# PC findet sich selbst nicht (?)



## vipey (14. Januar 2004)

Also folgendes Problem:

Ich hab hier 2 Rechner stehen.
Mit dem einen ( Comp1 ) arbeite ich hier etc.
Comp2 soll als Proxy Server dienen.
Computer2 findet sich selbst, kann auch Comp1 pingen, aber in der Netzwerkumgebung nicht auf diesen zugreifen.
Computer1 findet Comp2 über Ping, kann garnicht erst auf die Arbeitsgruppe zugreifen und der versuch ihn selbst zu pingen endet mit Zeitüberschreitung der Anforderung.

Woran kann das liegen, dass sich Comp1 nicht selbst findet ?
Achja: auf beiden läuft WinXP, IP's und Subnetmask richtig eingestellt


----------



## Robert Steichele (14. Januar 2004)

Firewall drauf?


----------



## fuDDel (14. Januar 2004)

Hallo,

schau mal nach welche Protokolle installiert sind, also vergleich zwischen den beiden Computern.
Manchmal hängt das ganze mit NetBeUI zusammen.

Das er sich selbst nicht pingen kann ist aber wirklich recht ungewöhnlich.
Mir fällt auch gerade nicht ein woran das liegen konnte.
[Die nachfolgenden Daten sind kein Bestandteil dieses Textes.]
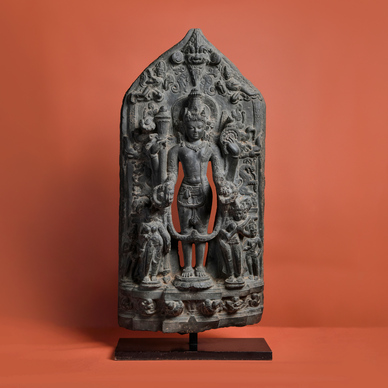 Pala Dynasty Bihar, Eastern India, 12th Century Black stone Height: 28.5 in (72.5 cm) Width: 14 in (35.5 cm) Depth: 5.25 in (13.5 cm) The sculpture is attached to a metal base measuring 2.25 x 14 x 5 in (6 x 35.5 x 13 cm) NON-EXPORTABLE REGISTERED ANTIQUITY PROVENANCE Formerly in a Southeast Asian Private Collection The Pala dynasty (circa 8th-12th century AD) ruled much of eastern India, particularly present- day Bihar and Bengal, and was among the most important patrons of Buddhist and Brahmanical art in the Subcontinent. This stele depicts Vishnu standing in his canonical four- armed form within an architectural prabhavali (arched aureole), adorned with flowing foliage and celestial attendants. In his upper hands he holds his principal attributes, the gada (mace) and chakra (discus), while one of his lower hands carries a shankha (conch) with the other in varada mudra , the gesture of benevolence and compassion. He is embellished with jewellery, including a beaded necklace, a yajnopavita or sacred thread, armlets, anklets, and a finely detailed dhoti secured with a girdle. At the base Laxmi and Saraswati flank him on either side. A kirtimukha or “face of glory” is seen above his crown while two celestial beings descend in flight to garland him. The sculpture’s most striking feature is the refinement of the face. The smile radiates a sense of divinity, and the serene expression is accentuated by gracefully arched eyebrows and elongated eyes with a stylised eastern aesthetic. Its exceptional quality is further evident in the depth of the carving, placement and stance of the attendant figures, and its near immaculate condition with all arms and attributes well preserved barring minor chips and losses commensurate with age. The sculpture possesses a refined and precise presence, resembling a carefully chiselled ivory icon in its delicacy and finish.

Aber Vergleich erstmal zwischen den beiden PCs die Einstellungen und das bis ins kleinste Detail das ist jetzt das einzige was ich Dir da raten kann.

Sorry und viel Glück.


----------



## vipey (15. Januar 2004)

Also Firewall ist an, ich hab aber in den Optionen die IP Addresse und sogar den ganzen Bereich erlaubt :\


----------



## Backdraft (15. Januar 2004)

Hi,

also nen ping auf localhost ist erfolglos? Dann check mal die Netzwerkkarte oder installier diese neu. Entweder ist sie hinüber oder die internen Routen haben sich zerschossen.


----------



## Ben Ben (15. Januar 2004)

> _Original geschrieben von Backdraft _
> *Hi,
> 
> also nen ping auf localhost ist erfolglos? Dann check mal die Netzwerkkarte oder installier diese neu. Entweder ist sie hinüber oder die internen Routen haben sich zerschossen. *



das ist ja Blödsinn,da localhost bzw 127.0.0.1, also das Loopback-Interface auf jedem Rechner, ob mit oder ohne Netzwerkkarte existiertund auch Funktionieren sollte.


----------



## tefla (15. Januar 2004)

> _Original geschrieben von Ben Ben _
> *das ist ja Blödsinn,da localhost bzw 127.0.0.1, also das Loopback-Interface auf jedem Rechner, ob mit oder ohne Netzwerkkarte existiertund auch Funktionieren sollte. *



Und ? Deswegen können sich die Routingtabellen trotzdem zerschossen haben. OSI Modell. Transport Layer heisst ja nicht, das es nur im Netzwerk geschieht


----------



## Ben Ben (15. Januar 2004)

stimmt zu kruz gedacht..sorry...aber ist ja noch früh


----------



## Backdraft (15. Januar 2004)

Wie jetzt?

Wann stehst Du denn auf?


----------



## tefla (15. Januar 2004)

keine Ahnung wann er aufsteht, aber so wie ich das sehe später als ich und deswegen beneide ich ihn *g*


----------



## daDom (15. Januar 2004)

Kannst du dich noch nichteinmal anpingen?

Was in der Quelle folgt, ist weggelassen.